TASK REQUIREMENTS:
Your copy of the entries below should hold exactly the lines from the one containing "Pora na prezentację" to the one containing "The Wacoal b.tempt'd", inclusive, and no pictures.

(Stored records)
============================================================

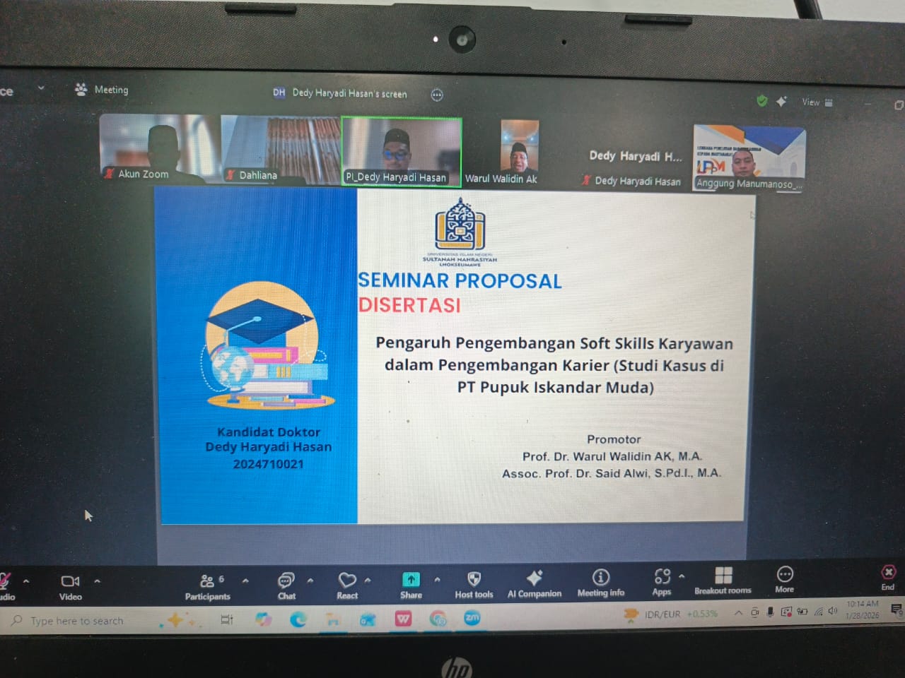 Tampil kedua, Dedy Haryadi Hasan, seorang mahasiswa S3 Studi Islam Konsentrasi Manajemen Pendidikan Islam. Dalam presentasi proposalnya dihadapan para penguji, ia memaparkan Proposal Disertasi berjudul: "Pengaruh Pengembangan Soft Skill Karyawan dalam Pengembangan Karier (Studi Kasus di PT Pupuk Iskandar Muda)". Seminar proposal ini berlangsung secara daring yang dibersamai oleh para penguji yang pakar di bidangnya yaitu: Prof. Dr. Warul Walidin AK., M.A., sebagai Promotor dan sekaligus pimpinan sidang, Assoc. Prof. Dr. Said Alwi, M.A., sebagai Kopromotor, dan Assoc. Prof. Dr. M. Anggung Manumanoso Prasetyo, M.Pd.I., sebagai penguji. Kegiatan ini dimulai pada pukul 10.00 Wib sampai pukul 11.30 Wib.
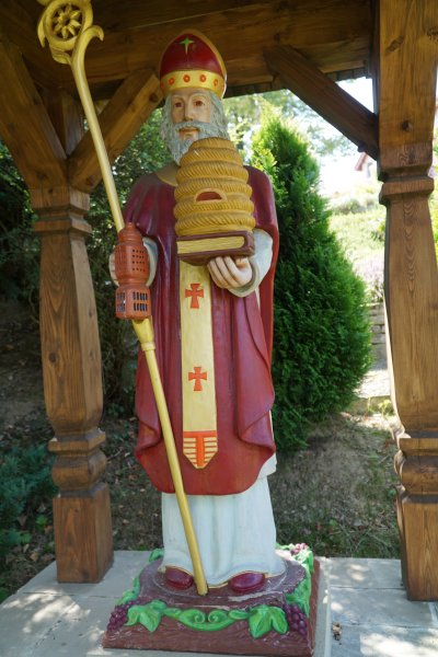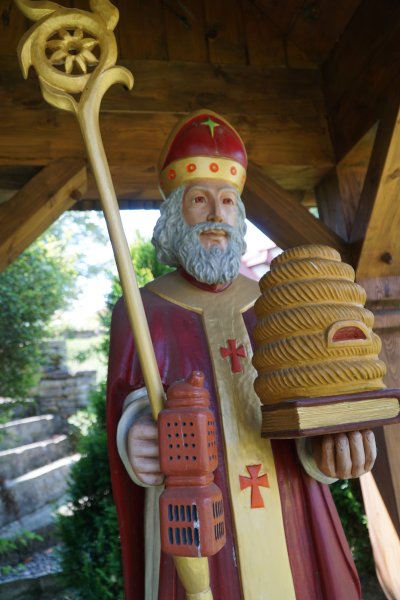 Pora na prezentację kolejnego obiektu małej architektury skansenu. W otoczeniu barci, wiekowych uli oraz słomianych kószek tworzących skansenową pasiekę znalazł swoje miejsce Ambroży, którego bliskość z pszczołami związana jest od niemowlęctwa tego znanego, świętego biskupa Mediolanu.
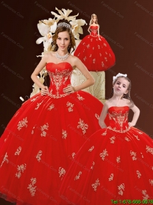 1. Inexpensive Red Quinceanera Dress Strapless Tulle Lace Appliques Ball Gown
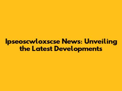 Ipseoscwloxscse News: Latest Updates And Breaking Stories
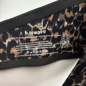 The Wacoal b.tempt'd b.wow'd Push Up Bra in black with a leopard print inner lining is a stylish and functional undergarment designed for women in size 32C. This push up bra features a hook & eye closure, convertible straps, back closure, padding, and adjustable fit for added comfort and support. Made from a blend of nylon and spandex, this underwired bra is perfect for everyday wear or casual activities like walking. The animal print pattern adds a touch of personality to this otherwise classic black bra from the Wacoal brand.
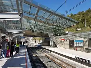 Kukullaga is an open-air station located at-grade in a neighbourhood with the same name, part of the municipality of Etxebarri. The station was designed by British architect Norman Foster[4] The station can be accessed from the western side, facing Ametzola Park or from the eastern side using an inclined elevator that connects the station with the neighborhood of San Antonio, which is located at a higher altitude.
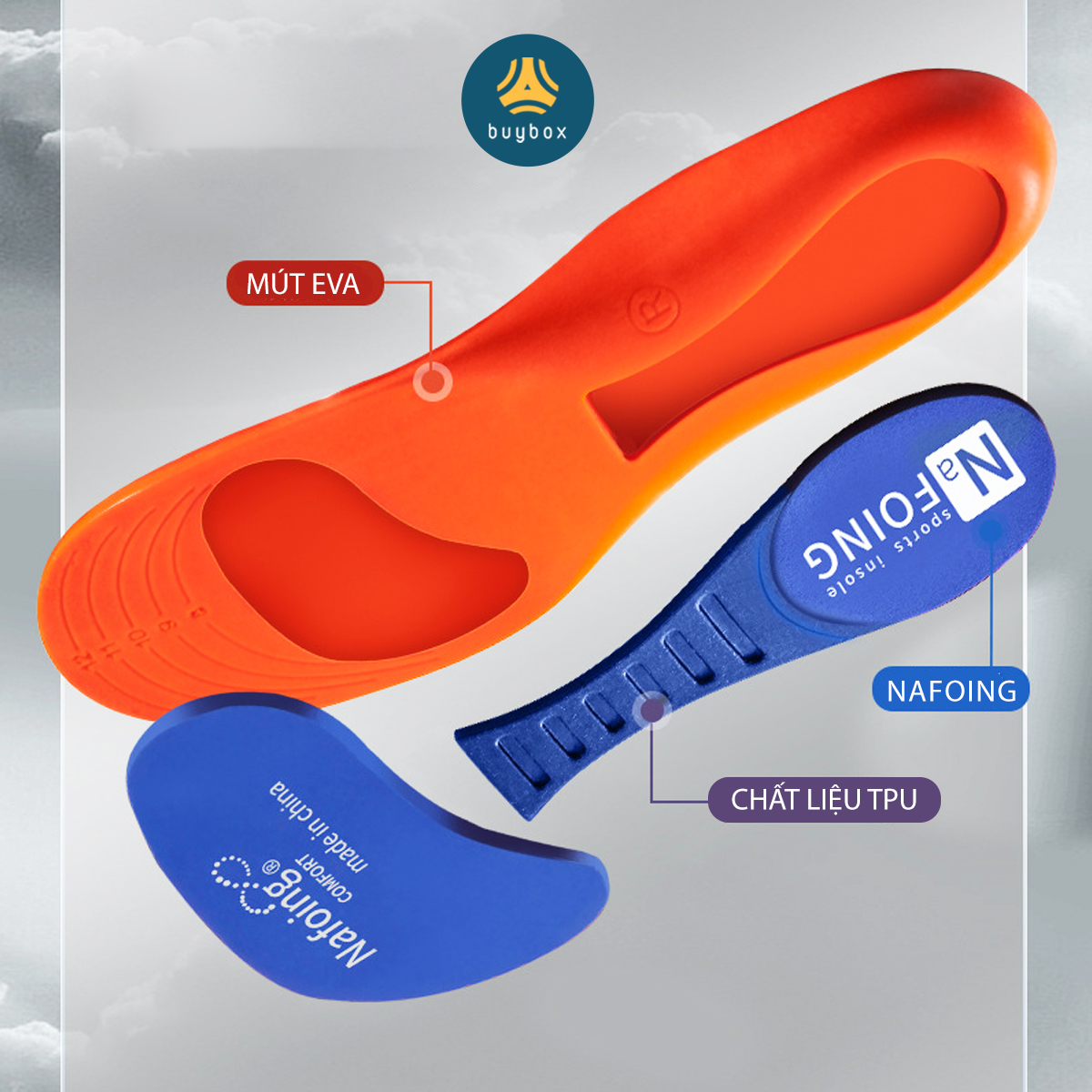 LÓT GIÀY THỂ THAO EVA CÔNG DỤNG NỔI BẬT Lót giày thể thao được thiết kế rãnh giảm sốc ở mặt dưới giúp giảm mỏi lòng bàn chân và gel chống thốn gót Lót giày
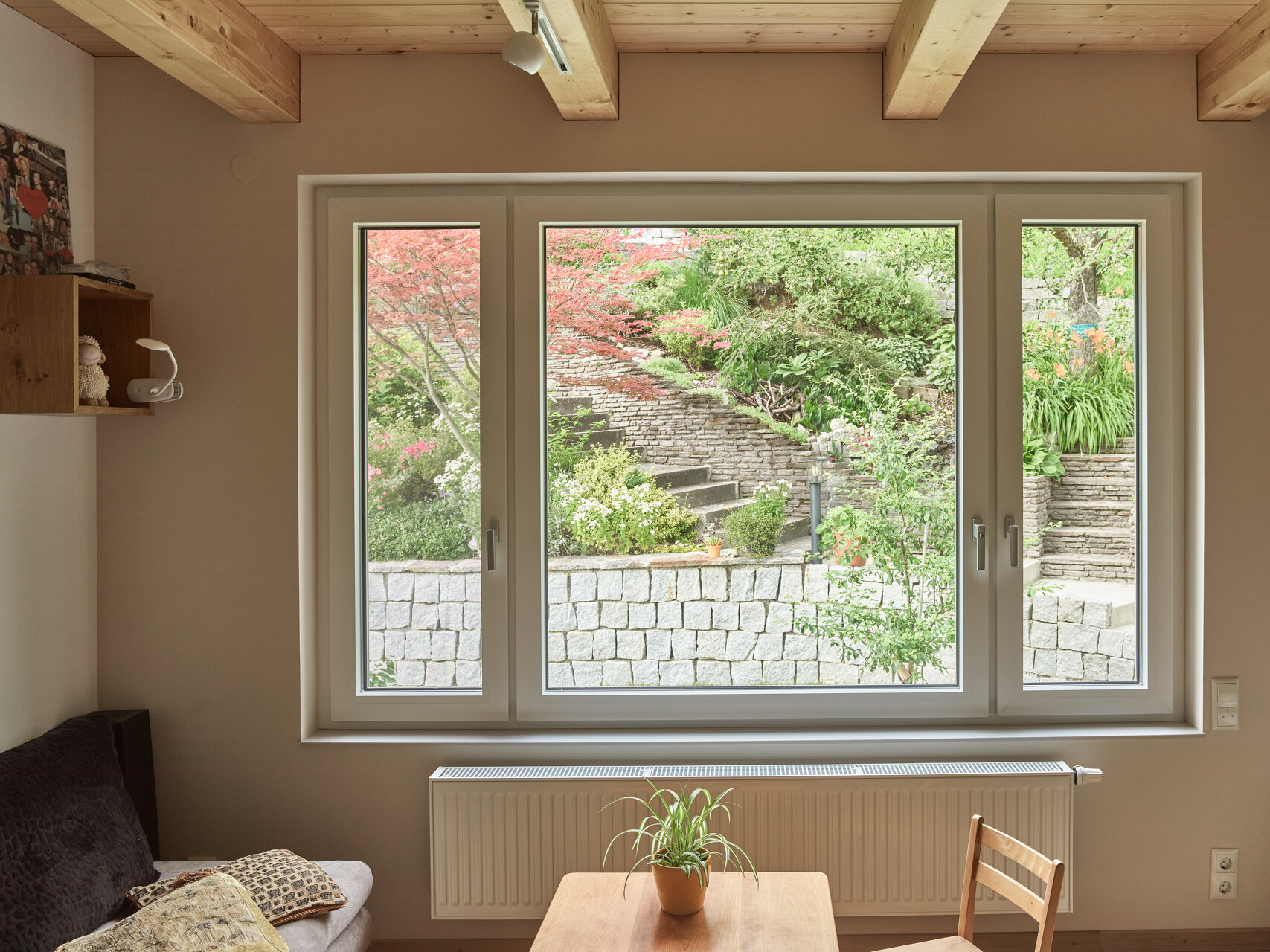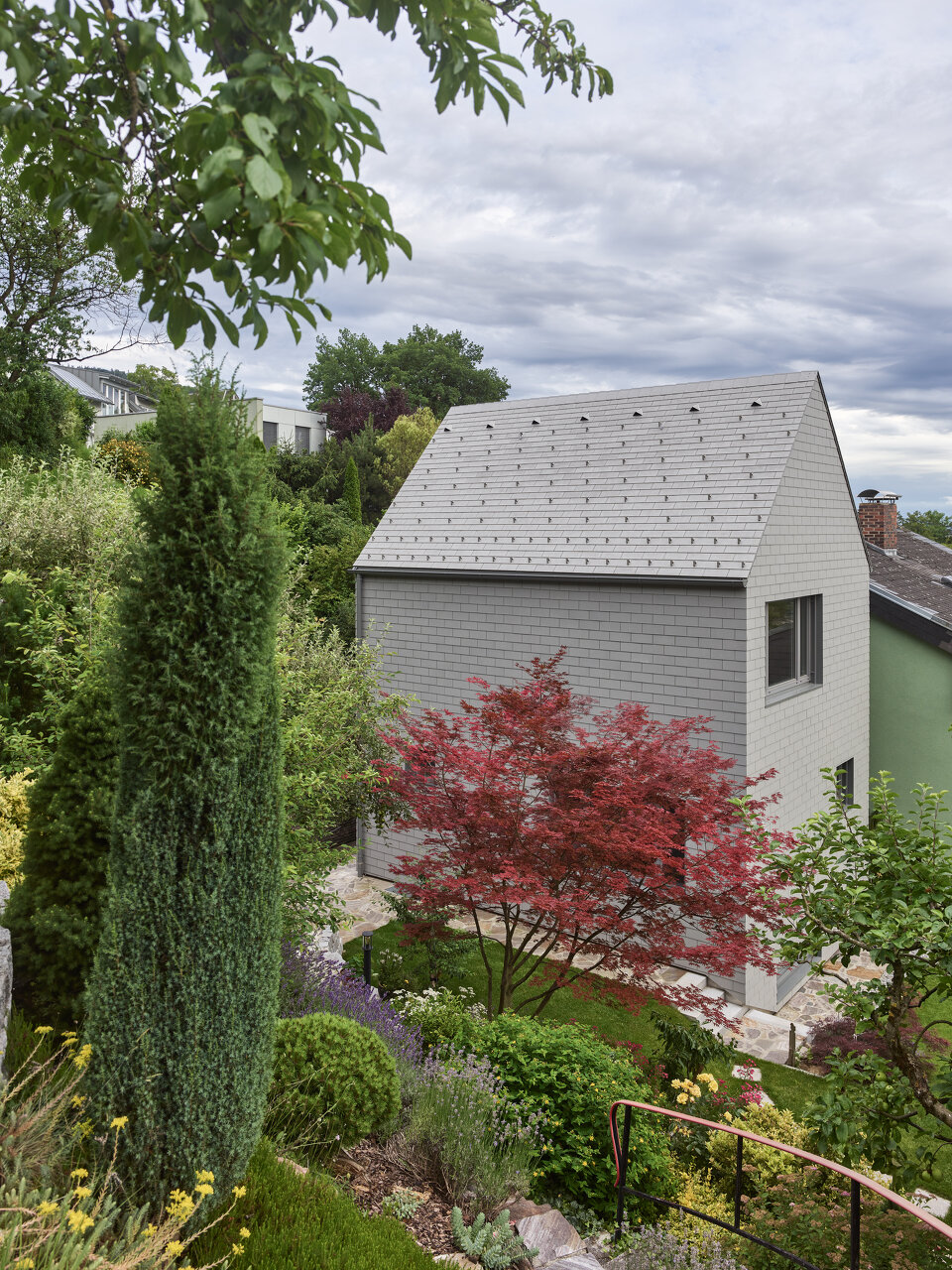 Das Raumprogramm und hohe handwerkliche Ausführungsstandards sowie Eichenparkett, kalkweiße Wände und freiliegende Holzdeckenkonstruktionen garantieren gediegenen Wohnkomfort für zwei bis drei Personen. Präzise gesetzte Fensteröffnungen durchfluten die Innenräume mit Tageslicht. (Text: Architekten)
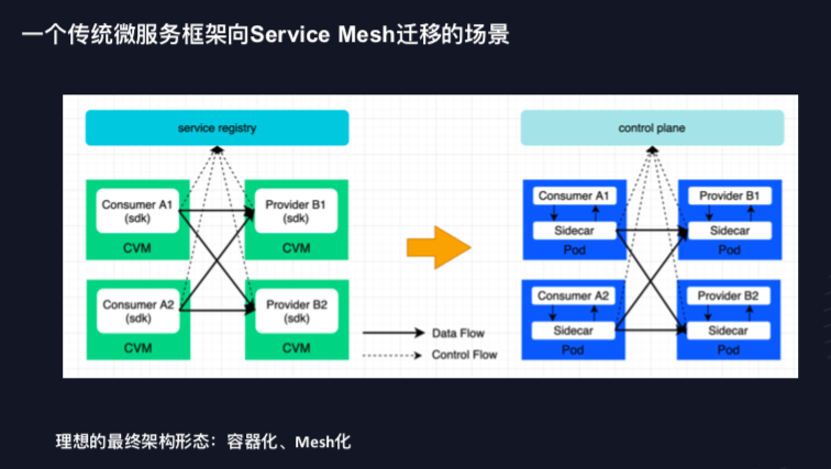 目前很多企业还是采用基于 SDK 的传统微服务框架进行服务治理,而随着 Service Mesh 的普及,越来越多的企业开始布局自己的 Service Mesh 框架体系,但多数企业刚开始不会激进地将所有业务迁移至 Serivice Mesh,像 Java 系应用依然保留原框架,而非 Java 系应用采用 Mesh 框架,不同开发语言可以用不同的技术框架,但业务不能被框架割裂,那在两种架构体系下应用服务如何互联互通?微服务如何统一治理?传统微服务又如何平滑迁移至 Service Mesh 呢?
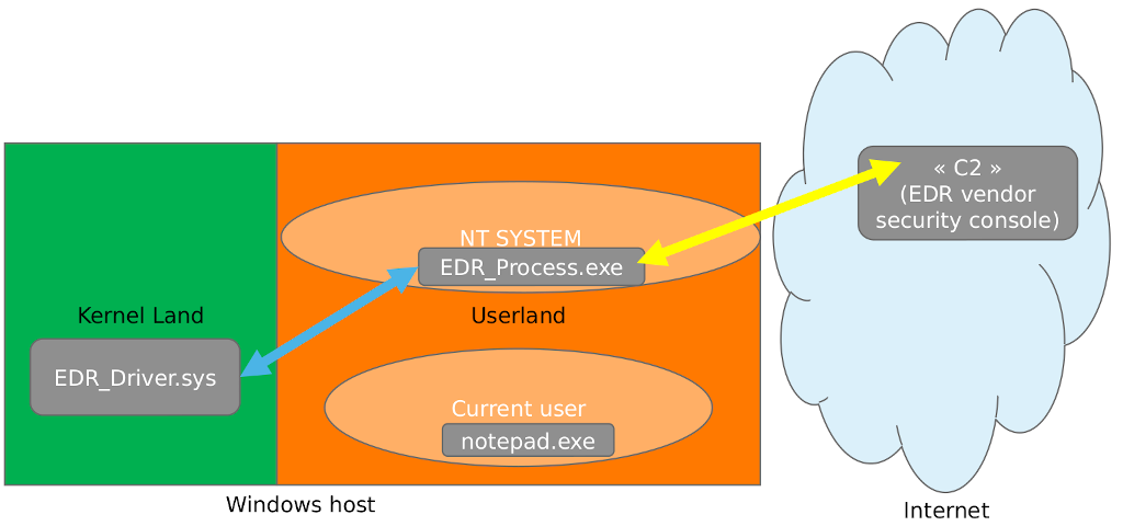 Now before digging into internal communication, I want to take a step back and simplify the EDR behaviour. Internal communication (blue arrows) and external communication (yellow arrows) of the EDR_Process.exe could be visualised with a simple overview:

============================================================

YOUR RESPONSE:
 Pora na prezentację kolejnego obiektu małej architektury skansenu. W otoczeniu barci, wiekowych uli oraz słomianych kószek tworzących skansenową pasiekę znalazł swoje miejsce Ambroży, którego bliskość z pszczołami związana jest od niemowlęctwa tego znanego, świętego biskupa Mediolanu.
 1. Inexpensive Red Quinceanera Dress Strapless Tulle Lace Appliques Ball Gown
 Ipseoscwloxscse News: Latest Updates And Breaking Stories
 The Wacoal b.tempt'd b.wow'd Push Up Bra in black with a leopard print inner lining is a stylish and functional undergarment designed for women in size 32C. This push up bra features a hook & eye closure, convertible straps, back closure, padding, and adjustable fit for added comfort and support. Made from a blend of nylon and spandex, this underwired bra is perfect for everyday wear or casual activities like walking. The animal print pattern adds a touch of personality to this otherwise classic black bra from the Wacoal brand.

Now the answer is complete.